The initial impacts were dramatic. The Atomic Energy Commission's nuclear licensing process was stopped dead in its tracks for more than a year as a result of the Calvert Cliffs decision. Outer Continental Shelf oil drilling was held up until a proper environmental impact statement was prepared. Controversy over the Alaska Oil Pipeline was brought to a close only when Congress decreed the environmental impact statement process was completed.

NEPA had other unexpected results. The Courts interpreted NEPA to cover not only direct impacts from federal projects and activities but also indirect effects. These indirect effects might include increased traffic or secondary development from projects. For example, the initial proposal for a John F. Kennedy library at Harvard University was dropped when the environmental impact statement projected increased congestion and air pollution.

Some have granted that the NEPA process has also been misused at times. For example, environmental impact statements have been used to challenge public housing projects. The real concerns in these cases were only partially environmental; in many, they were predominantly neighborhood issues; sometimes, they were racial issues.

By the middle of the 1970s, environmental concerns were routinely being built into government actions. In most cases, a major defeat or slow-down of a project precipitated action. Environmental staffs were formed, consultants mobilized, an line staff became more sensitive to environmental concerns. Also, through the last part of the 1970s and during the 1980s, the composition of government projects and actions changed. Lower energy prices created less demand for a host of energy projects, particularly electric powerplants. The federal highway system was essentially complete; most of the funds were used to upgrade existing routes.

NEPA's lack of notoriety may well be its measure of success. By and large, government agencies have institutionalized environmental quality concerns in decision-making. Few projects proceed today that provoke an environmentally unsatisfactory rating from EPA. Many projects contain environmental safeguards that would not have resulted without the NEPA prod.

In some cases, generic programs have been fundamentally altered because of NEPA concerns. For example, EPA's sewage treatment grant strategy shifted from one of encouraging large regional facilities to one that encouraged smaller units. This strategy resulted in large part from concerns over stimulating urban sprawl and development in sensitive areas by financing long interceptors into undeveloped areas.

The CEQ, created by NEPA, played a major policy and education role, as well as becoming the caretaker of the environmental impact process. During its early years, CEQ was the undisputed policy arm of the government's environmental apparatus. Its annual reports were authoritative and well respected. Not only did the CEQ develop major pollution control legislation and policy, but it also addressed a range of non-pollution issues, such as the urban environment, clearcutting, predator control, and off-road vehicle use.

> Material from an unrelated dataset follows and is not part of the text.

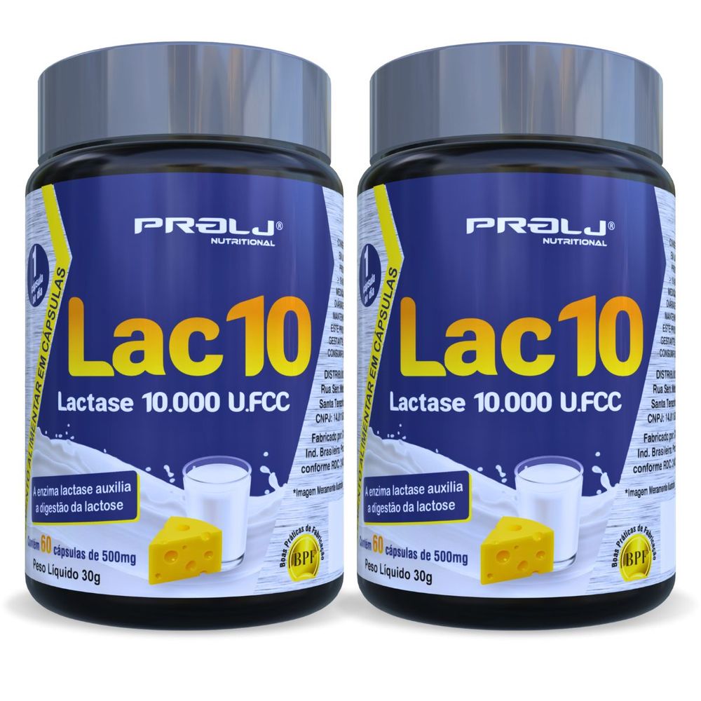 Lac10 10.000 UFCC 60 cápsulas | Auxilia na Digestão da Lactose | Prolj Nutritional - LAC10 10.000 UFCC 60 CÁPSULAS - KIT 2
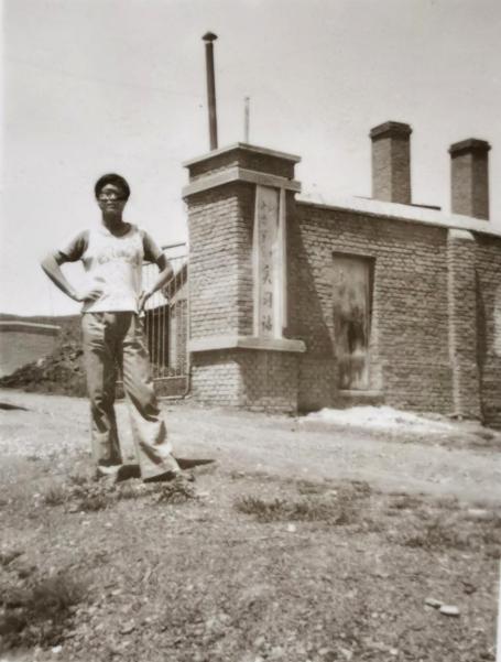 (这个照片是首次公开的。同学袁一凡拍摄于1987年7月下花园实习站院内。照片的左侧是实习办公室,右侧是食堂,远处是鸡鸣山。)

The massive growth of EPA, coupled with large percentage staff cuts at CEQ, has reduced the Council's policy role. EPA now takes the lead in many areas which during the early years would have been CEQ's province. CEQ still provides coordination of some large programs, such as the National Acid Precipitation Action Plan, but these types of responsibilities have been rarer in recent years.

Overall, NEPA has been a quiet but effective success after turbulent and dynamic beginning. CEQ continues to play a positive, although diminished, role. The CEQ annual reports are still the best overall review of environmental issues and trends. The NEPA process has wrought a major change in the way government deals with environmental issues, and this model has been replicated in whole or in part in 23 states. All in all, NEPA has codified an important national policy commitment and created helpful procedural and organizational tools to further that policy objective.


Alm was Staff Director for the President's Council on Environmental Quality from 1970 to 1973. He served as EPA Assistant Administrator for Planning and Management from 1973-77, and as EPA Deputy Administrator from 1983-85.